/Final-project

Create a FORK of this repository to store your code, data, and documentation for the final project. Detailed instructions for this assignment are in Moodle.

Primary LanguageJupyter Notebook

Title:

Simulation of Parking around iSchool

Team Member(s):

Liri Fang, Jiawei Li, Jing Du

Monte Carlo Simulation Scenario & Purpose:

In this project, we will design a program to simulate the daily parking senario of iSchool students. Since the parking place on campus has limited number, especially within the walking distance from the School of Information Sciences Building. Sometimes it is difficult for students to find an available place to park near the school. This project tries to using Monte Carlo simulation method to make a prediction about the probability of whether an iSchool student successfully find a vacant parking lot at a particular time. Referencing this probability, the student can decide wether drive car to the school or park the car at somewhere else rather than near the school building.
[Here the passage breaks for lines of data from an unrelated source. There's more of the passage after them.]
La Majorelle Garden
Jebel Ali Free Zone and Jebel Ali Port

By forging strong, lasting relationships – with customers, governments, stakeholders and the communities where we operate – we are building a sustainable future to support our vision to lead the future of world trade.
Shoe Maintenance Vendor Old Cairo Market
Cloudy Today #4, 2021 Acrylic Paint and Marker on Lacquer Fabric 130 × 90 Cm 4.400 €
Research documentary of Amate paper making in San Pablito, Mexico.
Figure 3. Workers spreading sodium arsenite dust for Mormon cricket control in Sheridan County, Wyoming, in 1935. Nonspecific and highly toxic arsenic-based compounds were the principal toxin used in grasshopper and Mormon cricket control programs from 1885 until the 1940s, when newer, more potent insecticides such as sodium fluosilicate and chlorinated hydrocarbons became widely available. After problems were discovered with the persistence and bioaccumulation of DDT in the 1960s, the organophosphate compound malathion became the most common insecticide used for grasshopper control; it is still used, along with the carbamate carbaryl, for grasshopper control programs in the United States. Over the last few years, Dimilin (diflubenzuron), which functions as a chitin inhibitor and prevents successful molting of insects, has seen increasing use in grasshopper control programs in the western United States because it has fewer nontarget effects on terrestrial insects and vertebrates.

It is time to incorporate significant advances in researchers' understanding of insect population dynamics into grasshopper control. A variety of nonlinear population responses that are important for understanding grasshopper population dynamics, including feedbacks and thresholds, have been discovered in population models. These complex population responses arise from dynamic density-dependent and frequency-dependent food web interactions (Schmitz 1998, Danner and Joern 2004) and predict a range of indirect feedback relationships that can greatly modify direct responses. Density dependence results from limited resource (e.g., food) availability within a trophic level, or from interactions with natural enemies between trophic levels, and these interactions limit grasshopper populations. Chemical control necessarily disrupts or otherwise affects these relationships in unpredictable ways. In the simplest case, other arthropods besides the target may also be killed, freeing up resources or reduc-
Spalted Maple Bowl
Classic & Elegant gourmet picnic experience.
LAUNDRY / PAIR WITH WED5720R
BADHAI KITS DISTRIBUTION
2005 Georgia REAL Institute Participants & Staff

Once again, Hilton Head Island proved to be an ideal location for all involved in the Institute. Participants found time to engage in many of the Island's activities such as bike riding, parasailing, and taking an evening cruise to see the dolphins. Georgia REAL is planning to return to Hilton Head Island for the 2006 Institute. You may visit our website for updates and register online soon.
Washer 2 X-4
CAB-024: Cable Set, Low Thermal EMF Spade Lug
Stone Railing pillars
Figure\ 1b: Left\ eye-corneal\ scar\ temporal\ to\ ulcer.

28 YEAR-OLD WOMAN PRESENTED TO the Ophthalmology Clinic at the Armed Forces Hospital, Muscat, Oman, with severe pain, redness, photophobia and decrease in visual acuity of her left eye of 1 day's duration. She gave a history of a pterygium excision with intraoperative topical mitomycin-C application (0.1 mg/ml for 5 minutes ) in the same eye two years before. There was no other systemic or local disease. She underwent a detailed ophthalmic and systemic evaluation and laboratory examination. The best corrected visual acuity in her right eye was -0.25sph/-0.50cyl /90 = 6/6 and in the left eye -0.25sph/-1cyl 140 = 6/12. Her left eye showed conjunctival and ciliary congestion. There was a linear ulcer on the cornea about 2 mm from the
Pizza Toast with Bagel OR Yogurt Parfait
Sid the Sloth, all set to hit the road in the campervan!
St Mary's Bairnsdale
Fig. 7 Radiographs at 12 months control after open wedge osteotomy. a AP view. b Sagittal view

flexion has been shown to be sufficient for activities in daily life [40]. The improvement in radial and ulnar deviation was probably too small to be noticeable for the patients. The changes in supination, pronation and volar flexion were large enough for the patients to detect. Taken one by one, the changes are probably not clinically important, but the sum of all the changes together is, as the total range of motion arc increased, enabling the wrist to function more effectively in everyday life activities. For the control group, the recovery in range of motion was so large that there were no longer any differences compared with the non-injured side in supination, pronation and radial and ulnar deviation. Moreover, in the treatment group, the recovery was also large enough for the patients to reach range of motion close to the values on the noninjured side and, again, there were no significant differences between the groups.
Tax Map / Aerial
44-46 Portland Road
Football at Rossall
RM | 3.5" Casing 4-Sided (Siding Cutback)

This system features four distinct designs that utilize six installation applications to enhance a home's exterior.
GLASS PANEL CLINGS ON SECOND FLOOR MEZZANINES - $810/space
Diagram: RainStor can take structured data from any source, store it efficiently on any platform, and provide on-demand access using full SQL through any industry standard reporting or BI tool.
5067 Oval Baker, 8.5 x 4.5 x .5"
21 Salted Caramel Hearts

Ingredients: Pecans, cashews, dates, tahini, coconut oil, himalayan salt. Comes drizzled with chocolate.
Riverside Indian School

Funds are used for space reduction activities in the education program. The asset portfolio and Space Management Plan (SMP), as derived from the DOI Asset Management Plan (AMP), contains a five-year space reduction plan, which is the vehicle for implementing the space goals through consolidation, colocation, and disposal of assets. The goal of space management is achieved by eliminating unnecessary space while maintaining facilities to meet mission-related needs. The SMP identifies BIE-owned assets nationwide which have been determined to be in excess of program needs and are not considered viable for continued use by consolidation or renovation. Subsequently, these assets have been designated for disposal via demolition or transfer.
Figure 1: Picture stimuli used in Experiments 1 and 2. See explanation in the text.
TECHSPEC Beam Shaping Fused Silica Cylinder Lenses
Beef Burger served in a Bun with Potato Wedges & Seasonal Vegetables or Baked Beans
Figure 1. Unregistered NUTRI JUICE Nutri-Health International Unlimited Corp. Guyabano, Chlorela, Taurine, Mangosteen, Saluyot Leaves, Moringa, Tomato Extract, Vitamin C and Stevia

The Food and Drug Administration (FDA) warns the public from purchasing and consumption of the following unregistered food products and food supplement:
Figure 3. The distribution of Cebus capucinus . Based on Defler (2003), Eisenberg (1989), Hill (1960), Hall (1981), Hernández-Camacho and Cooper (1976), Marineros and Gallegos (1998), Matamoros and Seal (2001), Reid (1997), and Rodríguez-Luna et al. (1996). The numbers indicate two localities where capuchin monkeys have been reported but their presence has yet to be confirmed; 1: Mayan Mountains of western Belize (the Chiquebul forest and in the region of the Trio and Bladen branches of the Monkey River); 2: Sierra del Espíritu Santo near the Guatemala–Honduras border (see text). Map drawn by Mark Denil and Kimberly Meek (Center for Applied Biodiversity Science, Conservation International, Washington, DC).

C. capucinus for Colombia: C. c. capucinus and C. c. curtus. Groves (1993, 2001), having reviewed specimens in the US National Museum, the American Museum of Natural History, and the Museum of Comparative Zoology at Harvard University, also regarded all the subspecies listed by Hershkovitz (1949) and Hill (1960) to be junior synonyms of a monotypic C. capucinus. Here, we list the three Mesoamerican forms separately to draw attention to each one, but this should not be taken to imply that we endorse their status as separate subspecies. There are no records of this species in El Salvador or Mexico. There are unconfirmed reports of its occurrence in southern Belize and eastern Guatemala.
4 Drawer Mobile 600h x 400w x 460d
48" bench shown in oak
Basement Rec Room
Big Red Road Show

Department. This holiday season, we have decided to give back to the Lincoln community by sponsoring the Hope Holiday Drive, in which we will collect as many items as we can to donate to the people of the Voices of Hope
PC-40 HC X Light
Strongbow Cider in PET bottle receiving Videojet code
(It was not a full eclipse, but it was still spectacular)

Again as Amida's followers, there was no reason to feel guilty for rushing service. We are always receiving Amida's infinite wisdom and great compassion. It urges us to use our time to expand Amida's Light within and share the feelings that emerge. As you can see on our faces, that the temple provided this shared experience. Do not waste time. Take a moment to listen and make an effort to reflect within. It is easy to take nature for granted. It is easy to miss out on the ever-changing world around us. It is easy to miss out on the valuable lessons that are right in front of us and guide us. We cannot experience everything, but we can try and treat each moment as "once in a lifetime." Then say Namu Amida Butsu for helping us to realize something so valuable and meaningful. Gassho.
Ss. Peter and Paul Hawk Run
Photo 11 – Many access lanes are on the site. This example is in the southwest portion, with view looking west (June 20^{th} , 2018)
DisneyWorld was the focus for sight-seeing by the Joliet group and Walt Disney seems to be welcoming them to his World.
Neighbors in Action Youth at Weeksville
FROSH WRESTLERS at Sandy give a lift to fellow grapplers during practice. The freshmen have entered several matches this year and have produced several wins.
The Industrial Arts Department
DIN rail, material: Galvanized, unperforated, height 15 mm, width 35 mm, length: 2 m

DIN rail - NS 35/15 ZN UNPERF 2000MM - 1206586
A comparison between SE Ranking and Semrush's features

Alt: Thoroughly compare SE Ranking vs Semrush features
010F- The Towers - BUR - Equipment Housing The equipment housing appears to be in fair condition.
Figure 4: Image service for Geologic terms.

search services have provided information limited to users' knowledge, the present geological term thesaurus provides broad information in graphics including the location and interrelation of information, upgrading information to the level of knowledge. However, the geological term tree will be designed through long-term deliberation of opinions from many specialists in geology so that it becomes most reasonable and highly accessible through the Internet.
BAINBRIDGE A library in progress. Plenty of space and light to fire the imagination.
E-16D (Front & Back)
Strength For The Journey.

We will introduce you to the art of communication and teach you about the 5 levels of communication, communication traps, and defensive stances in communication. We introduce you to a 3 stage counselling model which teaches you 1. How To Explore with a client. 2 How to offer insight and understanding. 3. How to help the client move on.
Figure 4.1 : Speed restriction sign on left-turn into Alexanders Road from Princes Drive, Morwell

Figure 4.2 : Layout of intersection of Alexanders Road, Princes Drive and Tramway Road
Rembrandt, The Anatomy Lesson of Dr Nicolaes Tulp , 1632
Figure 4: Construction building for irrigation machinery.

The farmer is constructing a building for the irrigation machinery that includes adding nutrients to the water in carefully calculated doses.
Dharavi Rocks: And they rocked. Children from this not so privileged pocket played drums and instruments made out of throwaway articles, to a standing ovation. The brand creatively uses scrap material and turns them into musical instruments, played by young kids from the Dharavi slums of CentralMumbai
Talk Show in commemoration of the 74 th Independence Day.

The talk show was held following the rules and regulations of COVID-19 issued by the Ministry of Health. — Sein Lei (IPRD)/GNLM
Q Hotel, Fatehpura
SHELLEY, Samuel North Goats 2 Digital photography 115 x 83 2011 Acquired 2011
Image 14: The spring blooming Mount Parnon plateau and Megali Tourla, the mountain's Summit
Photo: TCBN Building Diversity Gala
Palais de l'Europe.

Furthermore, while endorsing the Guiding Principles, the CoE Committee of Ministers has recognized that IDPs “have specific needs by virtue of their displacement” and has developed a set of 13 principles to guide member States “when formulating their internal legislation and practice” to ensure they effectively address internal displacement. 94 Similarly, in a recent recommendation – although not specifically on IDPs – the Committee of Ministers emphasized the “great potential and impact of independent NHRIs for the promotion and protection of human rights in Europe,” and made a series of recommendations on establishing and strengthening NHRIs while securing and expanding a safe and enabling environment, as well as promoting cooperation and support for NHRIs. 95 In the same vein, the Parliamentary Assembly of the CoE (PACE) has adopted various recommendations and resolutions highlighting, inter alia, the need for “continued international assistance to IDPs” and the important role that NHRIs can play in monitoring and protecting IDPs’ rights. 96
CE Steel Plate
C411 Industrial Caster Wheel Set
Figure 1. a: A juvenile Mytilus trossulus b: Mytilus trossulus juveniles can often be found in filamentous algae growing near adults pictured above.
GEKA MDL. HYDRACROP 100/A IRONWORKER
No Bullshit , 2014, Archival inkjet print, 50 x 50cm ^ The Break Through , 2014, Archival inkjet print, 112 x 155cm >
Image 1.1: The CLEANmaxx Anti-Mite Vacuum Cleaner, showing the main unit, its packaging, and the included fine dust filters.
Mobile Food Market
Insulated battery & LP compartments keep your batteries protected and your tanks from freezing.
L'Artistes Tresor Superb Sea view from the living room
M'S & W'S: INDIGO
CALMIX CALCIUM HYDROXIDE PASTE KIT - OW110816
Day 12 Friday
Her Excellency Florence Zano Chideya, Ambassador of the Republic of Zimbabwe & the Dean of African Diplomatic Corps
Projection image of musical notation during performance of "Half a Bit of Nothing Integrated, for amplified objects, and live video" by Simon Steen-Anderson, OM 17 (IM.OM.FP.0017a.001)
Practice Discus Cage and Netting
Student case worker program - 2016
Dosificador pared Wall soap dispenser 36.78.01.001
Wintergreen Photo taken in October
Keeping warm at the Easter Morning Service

Hypothesis before running the simulation:

  1. This project only consider the meters near to the iSchool including the places on the streets and in the parking lots. We define "near" as within a block distance from iSchool. Therefore, in this project, only the parking lots on Fifth St, Sixth St, Daniel St, Chalmers St and the parking lots within the rectangle are considered. The numebr of meters near the School of Information Science Building is: 90. The distribution of all the meters as as follows:

Street Name  Number  Maximum Stay  Owner

E Daniel St     23     2h     City of Champaign

S 6th St     30     2h     City of Champaign

E Chalmers St     23     4h     City of Champaign

S 5th St     10     2h     City of Champaign

N/A     4     10h     UIUC

  1. To simplify the simulation model, we assume that meters nearing iSchool are all used by iSchool students. We suppose that most students drive to school for classes. Therefore, we assume the number of cars come to parking has a positive correlation with the class time. Since at weekends and holidays, usually there is no class, and most of the parking lots are free of charge, we suppose that there are enough available parking all day. So, we will only simulate the weekday's parking senario as this is much more meaningful.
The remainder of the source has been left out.